Britain's Next Top Model (or Britain & Ireland's Next Top Model 2011–13), often abbreviated as BNTM, BINTM, or Top Model, is a British-Irish reality television show in which a number of women compete for the title of Britain's Next Top Model and a chance to start their career in the modelling industry. The first "cycle" premiered on 14 September 2005 on Sky Living.

The winner normally receives a modelling contract, cosmetics campaign, and a spread within a fashion magazine which also included appearing on the front cover. Other prizes which changed from cycle to cycle included a car, holiday, money, or an apartment among other things.

As part of the Top Model franchise, it was based on the American television series America's Next Top Model. From series 7 thru 9, the show was named Britain and Ireland's Next Top Model as it had begun to include contestants from Ireland.

On 28 October 2013, Sky Living confirmed that the show had been cancelled. In April 2015, the show confirmed via its Twitter account that it would be returning in 2015 on Lifetime. The title was changed back to Britain's Next Top Model due to licensing issues, but contestants from Ireland were still allowed to apply for the show.

Premise

The series features a group of young female contestants who live together in a house for several weeks while taking part in challenges, photo shoots and meetings with members of the modelling industry. Normally, one poor-performing contestant is eliminated each week until the last contestant remaining is declared "Britain's Next Top Model" and receives a modelling contract along with other prizes.

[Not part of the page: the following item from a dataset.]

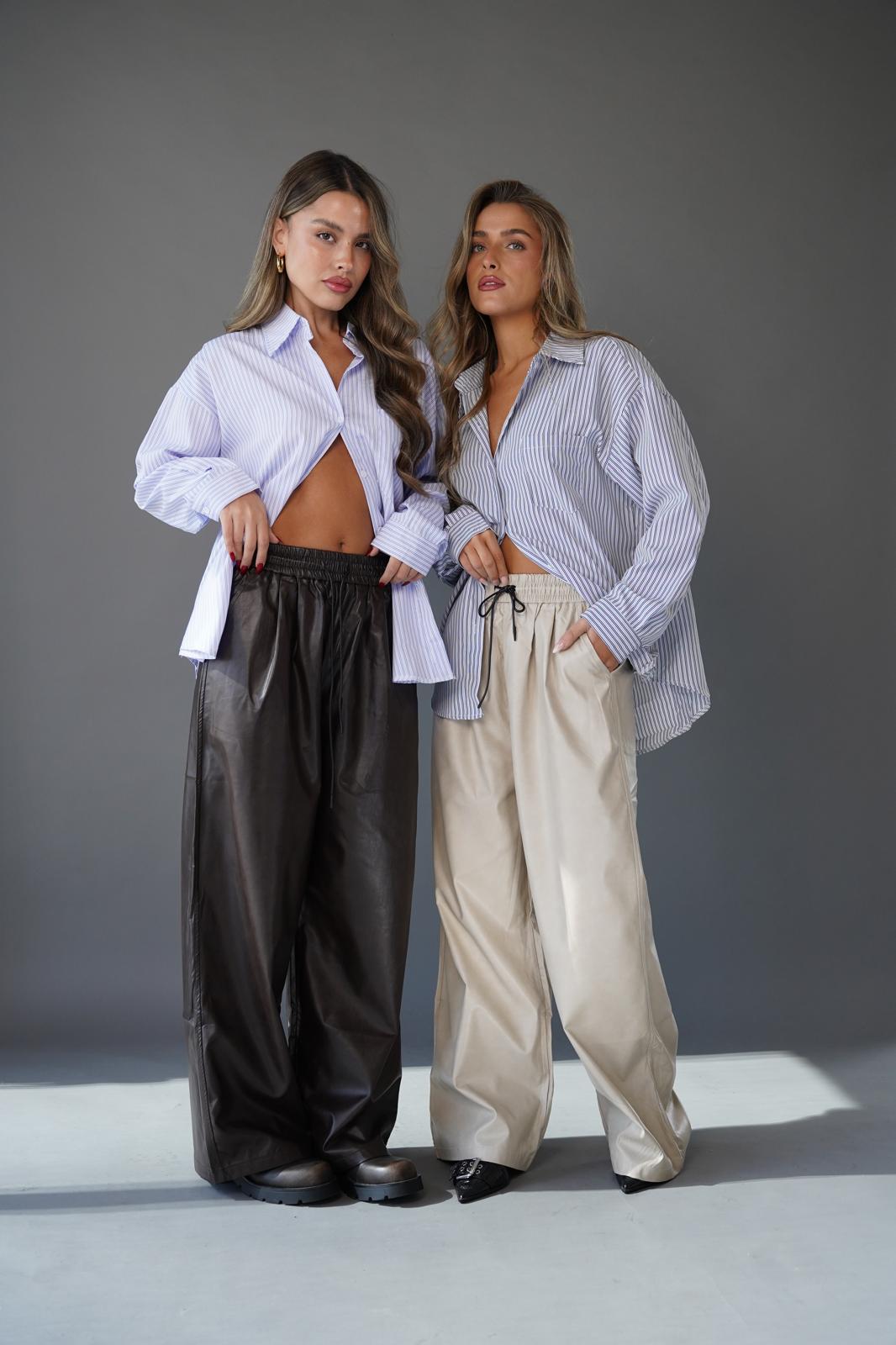 מכנס עור אוברסייז לנשים - דגם גריי בצבע שחור

In a BBC interview, Elle Macpherson contrasted the show with the U.S. version, describing BNTM as "Uniquely British, the sense of humour and the styling is very British... more hybrid backgrounds... and I think that is really examplatory [sic] of what's going on in the UK today".

Format

Each series of Britain's Next Top Model features from ten to fourteen episodes and begins with twelve to fourteen contestants. Each episode, one contestant is eliminated, though in rare cases a double elimination or no elimination is given by consensus of the judging panel. Series 6 saw a live finale where the public chose the winner of the cycle. The series was narrated by Fearne Cotton. Due to maternity leave, Cotton did not fulfil this role for the ninth series. She was replaced by Dawn Porter. When the show got revived on Lifetime, Dawn Porter was replaced by Cycle 5 and America's Next Top Model cycle 18 contestant, Annaliese Dayes.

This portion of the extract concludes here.